WHAT TO PRODUCE: Begin at the line below that has "طقم الطناجر من" and stop after the line that has "To run this". Please restate only those lines, word for word.

SOURCE MATERIAL:
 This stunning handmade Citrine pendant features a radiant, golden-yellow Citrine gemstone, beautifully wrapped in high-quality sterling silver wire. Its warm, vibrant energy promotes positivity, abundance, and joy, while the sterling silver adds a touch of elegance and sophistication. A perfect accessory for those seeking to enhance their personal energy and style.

...

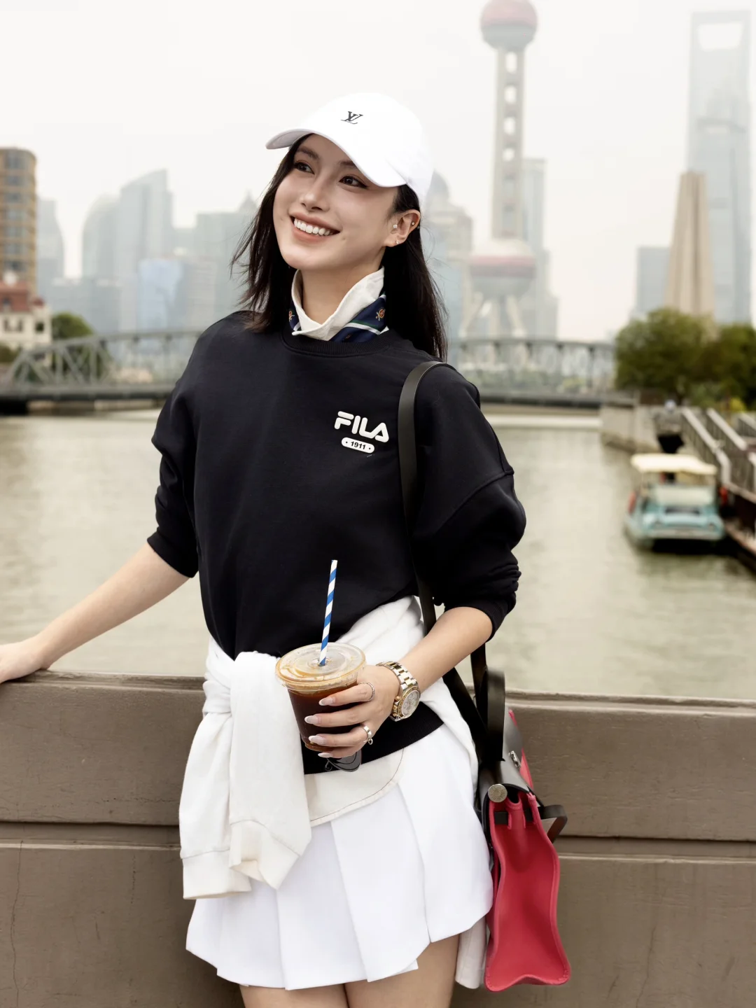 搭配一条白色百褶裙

--

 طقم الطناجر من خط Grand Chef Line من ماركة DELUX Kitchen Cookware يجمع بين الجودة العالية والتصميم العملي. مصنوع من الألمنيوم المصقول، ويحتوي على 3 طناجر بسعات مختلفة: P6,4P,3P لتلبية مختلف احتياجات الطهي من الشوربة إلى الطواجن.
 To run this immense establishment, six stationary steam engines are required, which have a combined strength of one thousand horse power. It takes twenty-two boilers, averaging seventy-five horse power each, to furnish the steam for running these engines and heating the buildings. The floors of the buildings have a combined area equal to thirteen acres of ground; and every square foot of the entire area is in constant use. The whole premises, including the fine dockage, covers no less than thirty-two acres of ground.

ANSWER SECTION:
 طقم الطناجر من خط Grand Chef Line من ماركة DELUX Kitchen Cookware يجمع بين الجودة العالية والتصميم العملي. مصنوع من الألمنيوم المصقول، ويحتوي على 3 طناجر بسعات مختلفة: P6,4P,3P لتلبية مختلف احتياجات الطهي من الشوربة إلى الطواجن.
 To run this immense establishment, six stationary steam engines are required, which have a combined strength of one thousand horse power. It takes twenty-two boilers, averaging seventy-five horse power each, to furnish the steam for running these engines and heating the buildings. The floors of the buildings have a combined area equal to thirteen acres of ground; and every square foot of the entire area is in constant use. The whole premises, including the fine dockage, covers no less than thirty-two acres of ground.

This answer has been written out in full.